Phenotype data preprocessing#

This mini-protocol documents the shared post processing step and some utilities to handle molecular phenotype files including imputations.

Miniprotocol Timing#

This represents the total duration for all miniprotocol phases. While module-specific timings are provided separately on their respective pages, they are also included in this overall estimate.

Timing < 12 minutes

Overview#

This workflow is an application of the phenotype related workflows from the xQTL project pipeline.

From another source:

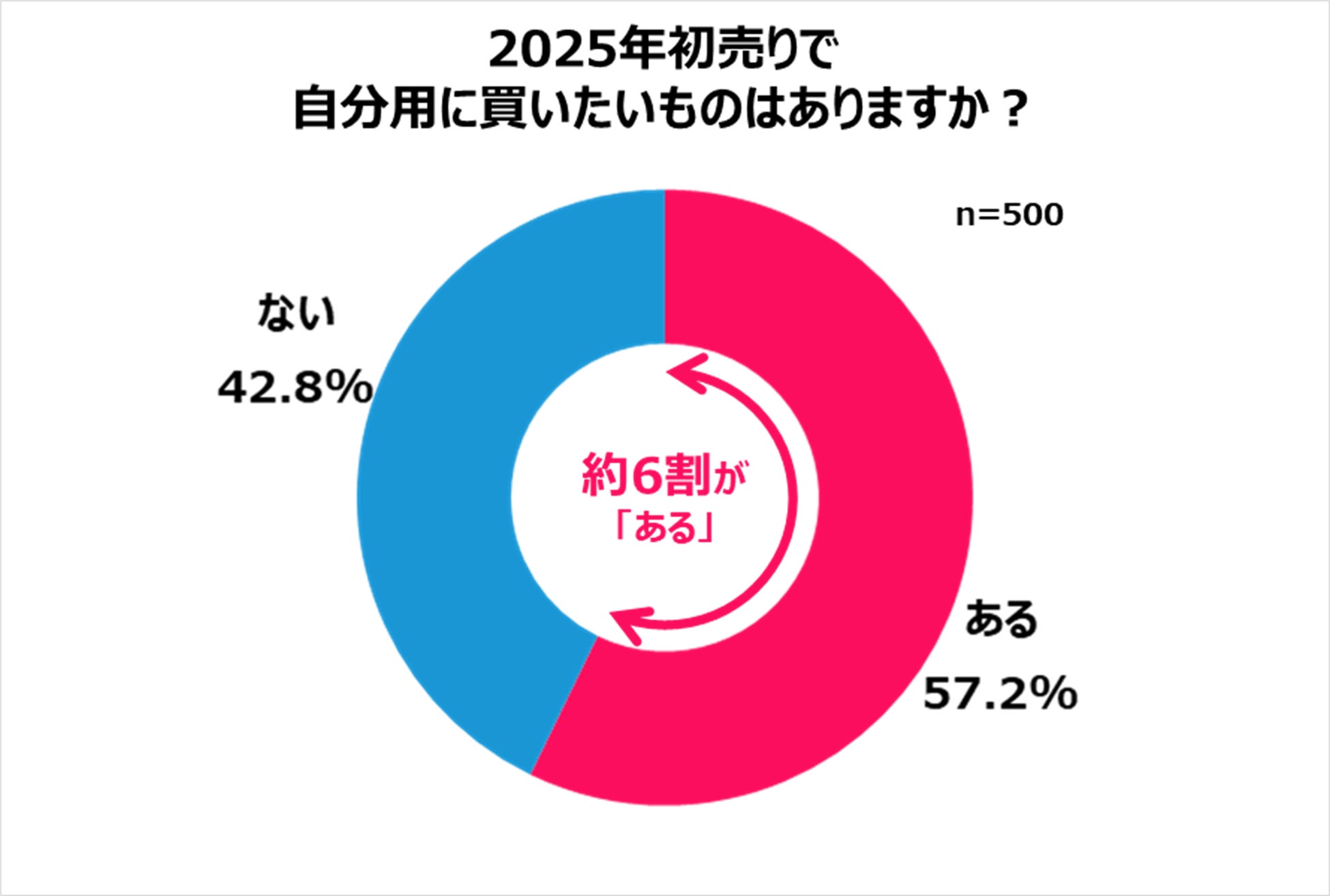 一方、初売りで買いたいものがある女性は57.2%。特に人気なものは「服(27.4%)」「コスメ(23.0%)」「スキンケア(19.0%)」で、クリスマスプレゼントと同じ3つのアイテムが上位でした。

  1. gene_annotation.ipynb (step i): Adds genomic coordinate annotation to gene-level molecular phenotype files and converts them to .bed format

  2. phenotype_imputation.ipynb (step ii): Impute missing entries of molecular phenotype data

  3. phenotype_formatting.ipynb (step iii): Splits each phenotype file by chromosome

Steps#

i. Phenotype Annotation#

This step serves as annote cooresponding chr, start, end, and gene_id to genes in the original phenotype matrix.

sos run pipeline/gene_annotation.ipynb annotate_coord \
    --cwd output/rnaseq \
    --phenoFile output/rnaseq/bulk_rnaseq_tmp_matrix.low_expression_filtered.outlier_removed.tmm.expression.bed.gz \
    --coordinate-annotation reference_data/Homo_sapiens.GRCh38.103.chr.reformatted.collapse_only.gene.ERCC.gtf \
    --phenotype-id-column gene_id

ii. Missing Value Imputation#

This step serves as impute the missing entries for molecular phenotype data. This step is optional for eQTL analysis. But for other QTL analysis, this step is necessary. The missing entries are imputed by flashier, a Empirical Bayes Matrix Factorization model.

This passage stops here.